Waspada....!!!!Contoh Kasus Hacking Social Engineering

        Social engineering adalah teknik memperoleh informasi rahasia dengan menipu pemilik informasi itu yang umumnya dilakukan lewat telepon atau internet. Social engineering sendiri merupakan salah satu metode yang digunakan hacker untuk mendapat informasi korbannya, dengan meminta informasi langsung ke korban atau pihak lain yang tahu.



Terdapat beberapa hal yang menjadi faktor utama yang menyebabkan teknik social engineering efektif dilakukan oleh seorang penyerang, antara lain adalah sebagai berikut:
  • Kelengahan yang disertai dengan ketidakwaspadaan seseorang sehingga mudah sekali terperdaya oleh suatu keadaan.
  • Keisengan para hacker pada awalnya, membuat peluang yang lebih besar untuk memperdaya orang lain.
  • Kecanggihan teknologi.
        Content social networking atau jejaring sosial seperti Facebook, YM, Twiter, dan email bisa dijadikan alat untuk melakukan social engineering. Dampak yang mungkin ditimbulkan adalah keresahan masyarakat terkait ruang privasi dalam hidup karena account pribadi seseorang bisa saja sudah “dibajak”, kriminalitas yang meningkat, misalnya karena penyadapan no PIN serta manipulasi data untuk mendapatkan password suatu account.

        Social engineering mengkonsentrasikan diri pada rantai terlemah sistem jaringan komputer, yaitu manusia. Seperti kita ketahui, tidak ada sistem komputer yang tidak melibatkan interaksi manusia. Parahnya lagi, celah keamanan ini bersifat universal dimana tidak tergantung platform, sistem operasi, protokol, software, ataupun hardware.

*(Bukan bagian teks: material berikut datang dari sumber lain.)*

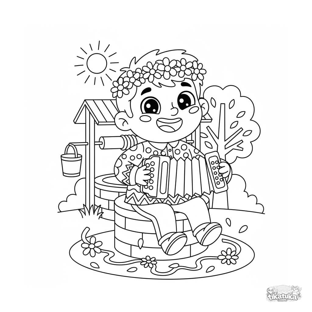 Coloring page for kids 4-6: a cheerful musician in a flower crown plays an accordion at the well of living water during a festival. Bright scene in a paper-cut style with ribbons and flowers.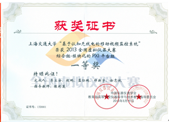 2013年5月18日至5月19日,2013全国虚拟仪器大赛决赛在天津大学举行,电院自动化系智能无线网络与协同控制中心参赛团队I-WIN,凭借作品“基于认知无线电的移动视频监控系统”,获得模块化的PXI平台组第一名的优异成绩。该参赛队伍由自动化系陈彩莲副教授指导,由自动化系博士生李立安担任队长,其他四名队员分别是来自自动化系和电子系的本科生,包括大四学生赵鹏,大三学生蓝劲鹏、祁新宇、徐志诚。

Artinya, setiap sistem mempunyai kelemahan yang sama pada faktor manusia.

        Setiap orang yang mempunyai akses ke dalam suatu sistem secara fisik akan menjadi ancaman, bahkan jika orang tersebut tidak termasuk dalam kebijakan kemanan yang telah disusun. Seperti metode hacking yang lain, social engineering juga memerlukan persiapan, bahkan sebagian besar pekerjaannya meliputi persiapan itu sendiri. Persiapan tersebut meliputi, misalnya sebuah identitas palsu untuk mengelabui korban ketika berkomunikasi dengan korban dalam memperoleh informasi.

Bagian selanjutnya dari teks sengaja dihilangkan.